Между тем, на деле ни идея посылки такой делегации, ни сам князь Ухтомский как ее глава не вызывали энтузиазма у российского дипломата. «В отношении понимания наших ближайших практических интересов [в Китае] он является просто недалеким, поставить его в тупик как нельзя легче, – делился Павлов с графом Кассини своими впечатлениями об этом посланце Витте и царском любимце. – … Ничего у него в голове не улеглось как следует, постоянно сам себе противоречит …. О китайцах, как и вообще о людях, он совсем не умеет составить правильного суждения.
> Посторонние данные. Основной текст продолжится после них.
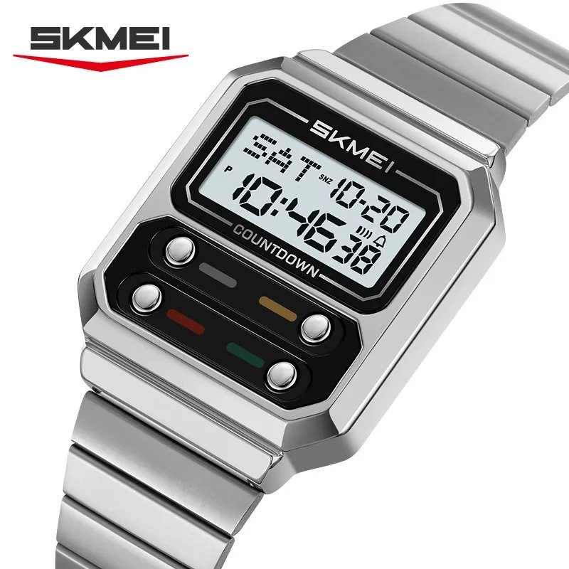 SKMEI 2448 Vintage Square Digital Stainless Steel Watch – silver-white
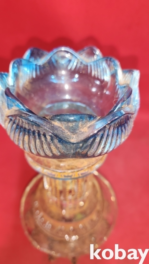 사리가 들어있는 연꽃문양 수정8각사리함입니다,
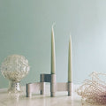 Die LINK-Kerzenhalter-Serie ist eine Kollektion von modularen Kerzenhaltern, die einzeln stehen oder zu einem größeren Halter kombiniert werden können. Die Kerzenhalter sind aus Aluminium gefertigt und hier sehen Sie eine Version in mattgrauem Aluminium.
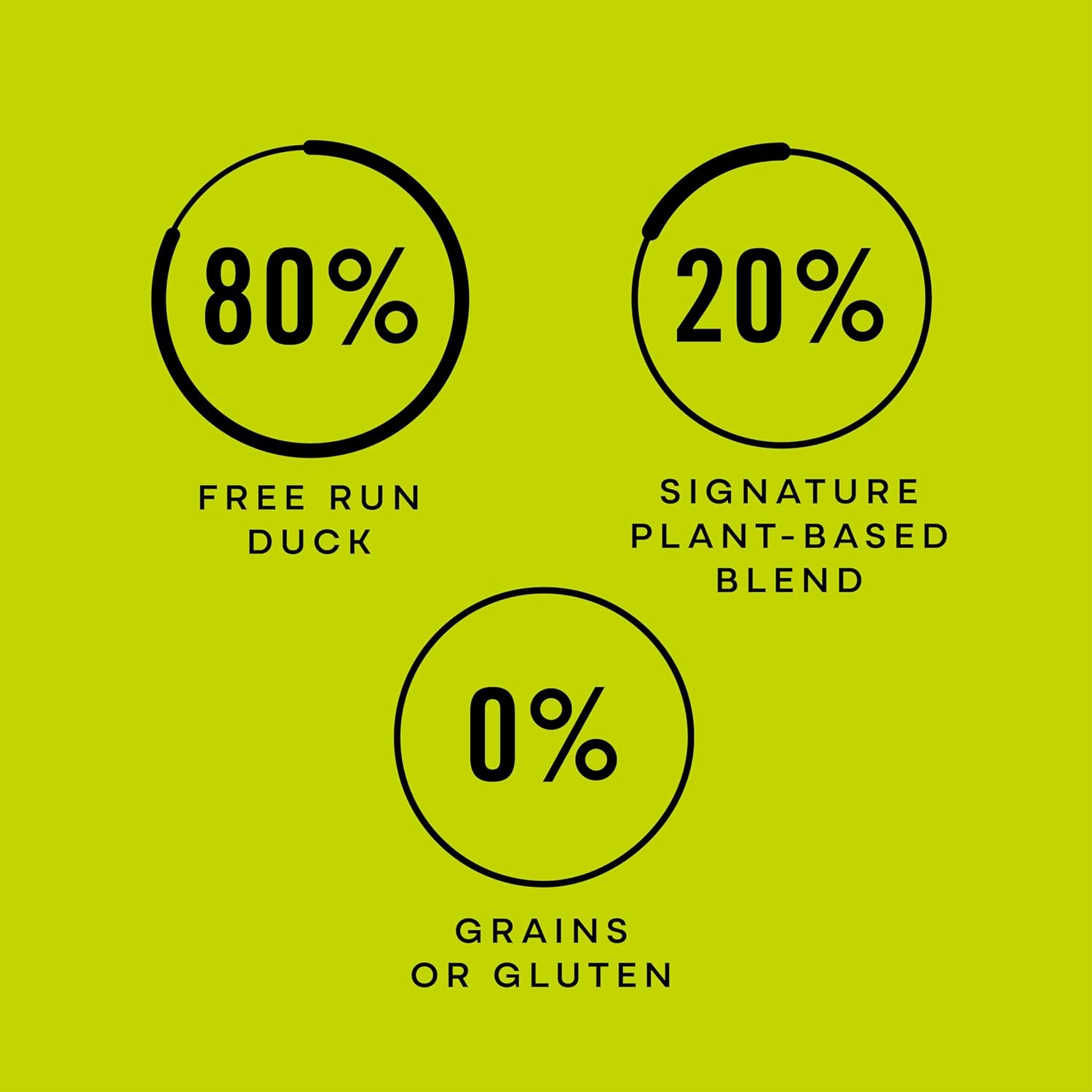 1. MADE USING THE FINEST RAW INGREDIENTS - We meticulously research and source the highest quality produce, with 2.5kg of raw ingredients being used for every 1kg of finished product. Made with 80% single-origin, ethically sourced Duck and 20% of our signature plant-based blend - it's as pure, fresh, and natural as it gets
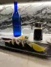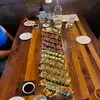Busy place so make a reservation! Expensive ambiance. Knowledgeable bartender with great suggestions and drinks. Friend/Business dinner for 6 - quality service, beautiful and delicious sushi,etc. Served on one long board, length of our table for sharing. Started with garlic edamame. Trilogy, and Distinguished gentleman were my favorites. Yellowtail was superb. Ordered a side of Tobikko roe - small bright salty roe with no fishy taste.
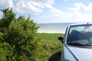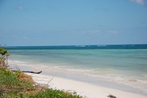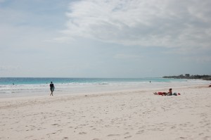 Après avoir déjeuné, nous partons vers la plage publique, à quatre kilomètres de la ville. Il n'y a pas beaucoup d'indications, nous nous stationnons en bordure de la route où nous croyons apercevoir un sentier qui nous permette d'accéder à la plage. Après quelques mètres, nous arrivons effectivement à la plage publique, qui n'est vraiment pas très occupée et splendide. Le sable est doux et propre, les vagues prennent toutes sortes de teintes de bleu et de turquoise, il n'y a pas de vendeurs ni de commerce. Nous sommes agréablement surpris. Nous nous baignons pendant 1h30, la mer est chaude et les vagues ne sont pas trop grosses, après quoi nous n'avons d'autre choix que d'aller nous mettre à l'abri en nous questionnant sur les capacités d'endurance de ces gens qui passent toute la journée exposés sur la plage!
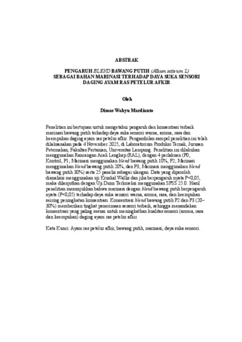 Dimas Wahyu , Mardianto (2026) PENGARUH BLEND BAWANG PUTIH (Allium sativum L) SEBAGAI BAHAN MARINASI TERHADAP DAYA SUKA SENSORI DAGING AYAM RAS PETELUR AFKIR. FAKULTAS PERTANIAN, UNIVERSITAS LAMPUNG.
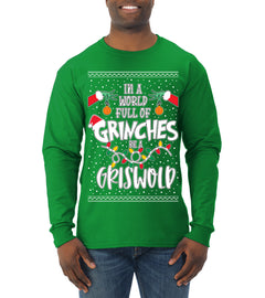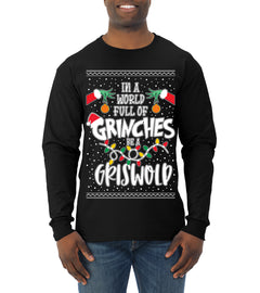 In A World Full Of Grinches Be A Grizwold Ugly Christmas Sweater Mens Long Sleeve Shirt
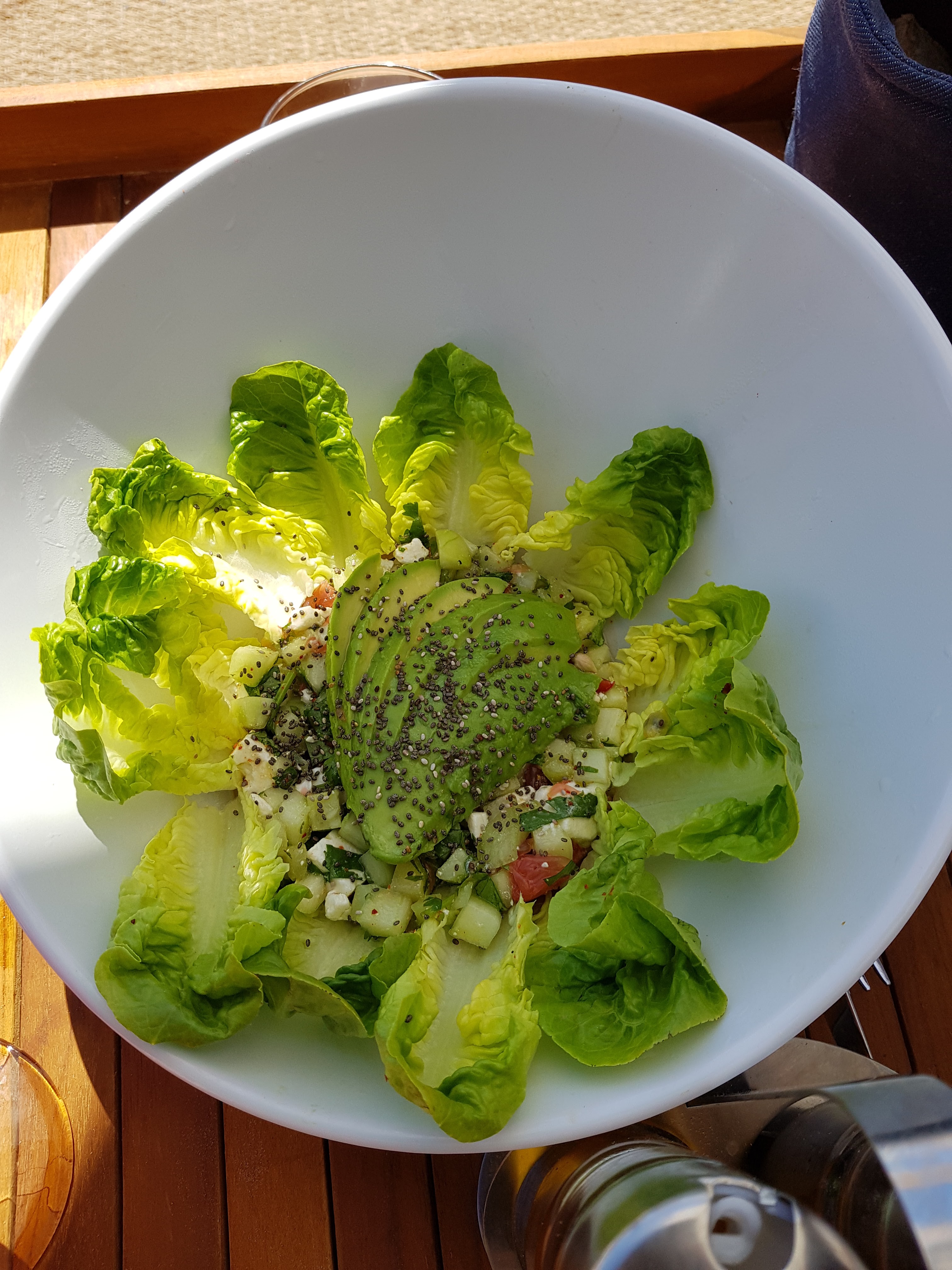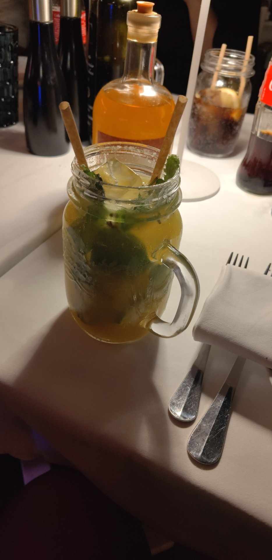 Cocktail beaucoup trop sucré, trop de sirop de concombre écoeurant, du coup j’ai commandé un autre verre de Prosecco pour diluer, j’attends encore ! Le serveur est parti ! Heureusement qu’il y a le cadre et l’ambiance et que j’étais bien accompagné !
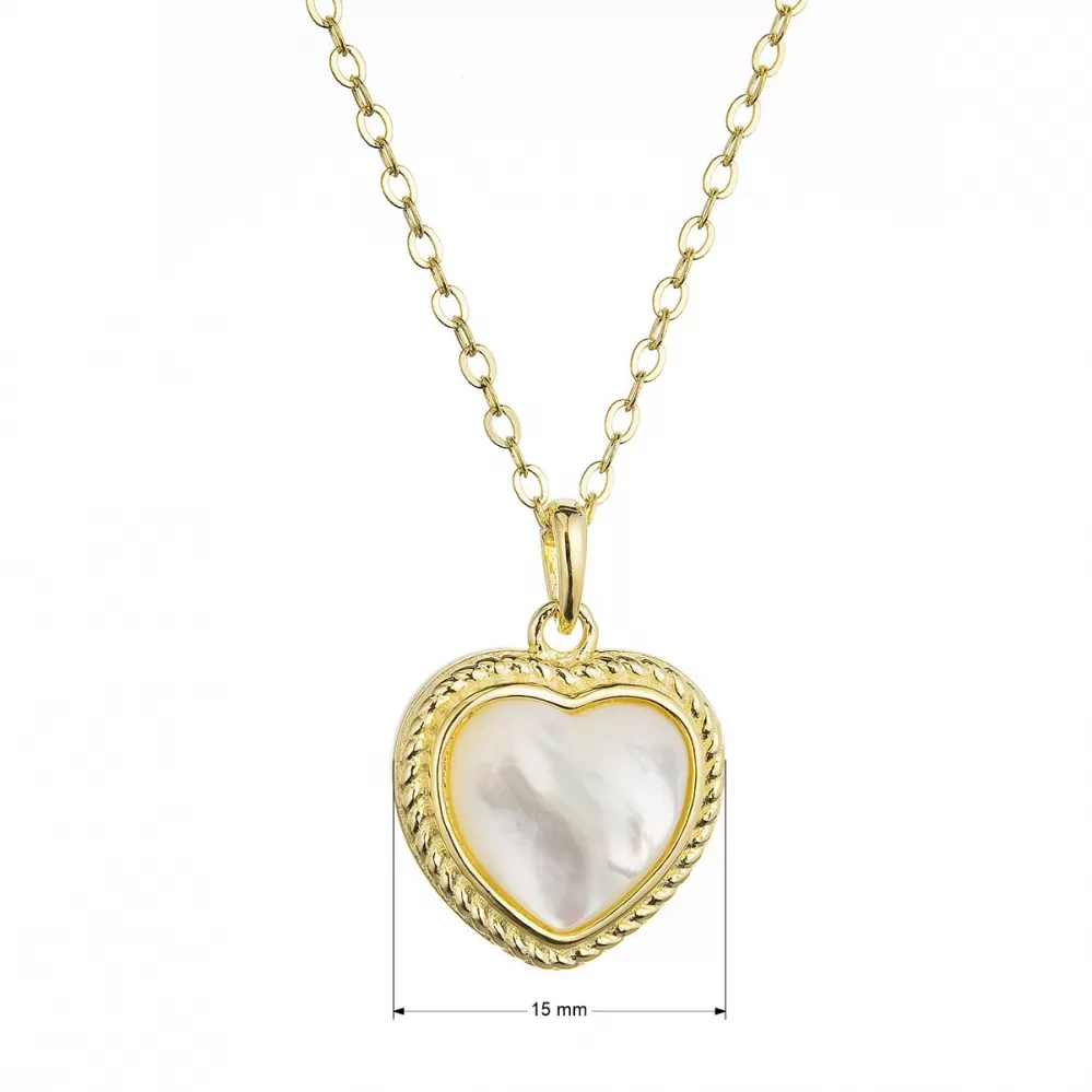 Náhrdelník v tvare srdca 12058.1 je vyrobený z pozláteného striebra o rýdzosti 925/1000. Náhrdelník má tvar srdiečka a je zdobený jemnou bielou perleťou. Šperk neobsahuje nikel, je tak vhodný aj pre alergikov.
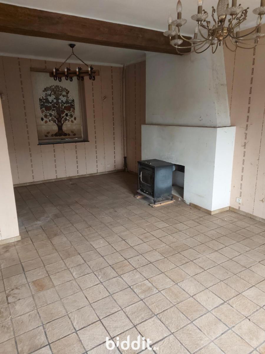 - au rez-de-chaussée : un hall d’entrée, un salon/salle à manger avec poêle à bois, une cuisine non équipée à l’arrière donnant sur le jardin, une arrière cuisine, un garage pour une voiture
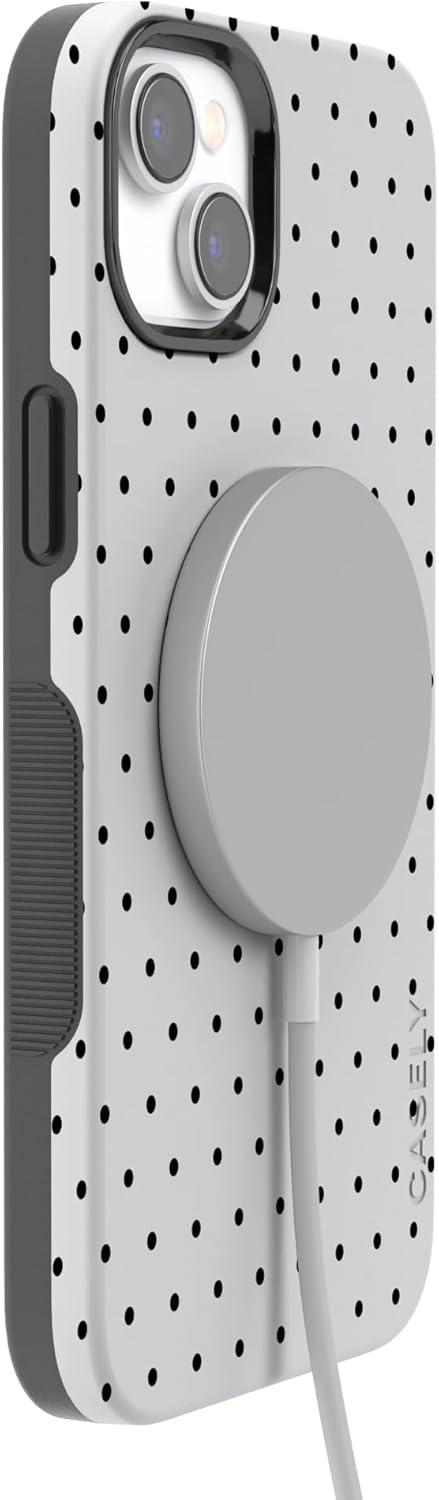 Casely iPhone 14 Plus Case | Opposites Attract | Day & Night Mountains | Bold Protective Design | Compatible with MagSafe(On the Dot | White Polka Dot)
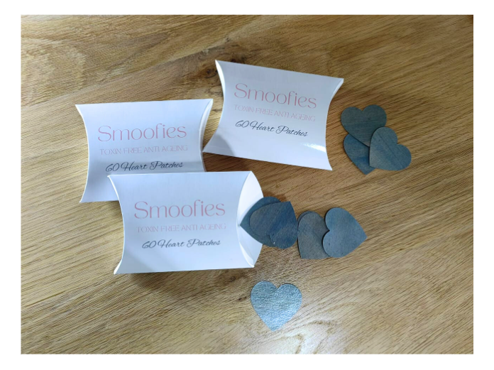 60 patches of unbleached, organic, safe, chemical-free Smoofies anti-wrinkle patches.

С одной стороны, он ставит китайцев на какой-то необыкновенный пьедестал, как что-то высшее и совершеннейшее, чем все другие национальности, а с другой стороны, когда заходит речь о том, чтобы … решить какое-либо дело, – первое, что является у него в голове как средство – это подкупить. О том, чтобы настоять на чем-либо с достоинством и твердо, у него кажется и не зарождается никогда мысль – он этого совсем не понимает. Грустно, обидно и даже совестно слушать те слащавые, льстивые и просто униженные речи, которые он расточает Ли Хунчжану, князьям и всем министрам, так они не вяжутся с полным достоинства и честного убеждения тоном, которого мы всегда держались здесь в переговорах с китайцами». «Зачем соединять высокое звание лица, передающего царские грамоты и подарки, с задачами маленького афериста и поручать ему подпольными приемами устроить дельце, которое в основе, может быть, и имеет политическую подкладку, но по внешнему характеру похоже больше на простое предприятие с целью наживы?» – недоумевал Павлов в том же письме[740]
.15 мая 1897 г. над зданием пекинского отделения Русско-Китайского банка был торжественно поднят флаг. Для привлечения симпатий китайцев он представлял собой причудливое сочетание русского трехцветного штандарта с китайским драконом на желтом – «богдыханском» – поле. Впоследствии этот банк выполнял не только функции обычного финансово-кредитного учреждения, но одновременно являлся важным инструментом российского проникновения в Поднебесную. Накануне и в годы войны с Японией заметную роль в секретных операциях России на Дальнем Востоке сыграли директор его пекинского отделения Д.М. Позднеев и особенно его преемник Л.Ф. Давыдов, который прежде работал в шанхайском отделении этого же банка. Первый основал в Пекине газету, которая отстаивала в китайской столице российские интересы, второй стал одним из наиболее деятельных сотрудников «шанхайской агентуры» А.И. Павлова. Через отделение Русско-Китайского банка в Шанхае осуществлялось и финансирование этой секретной службы.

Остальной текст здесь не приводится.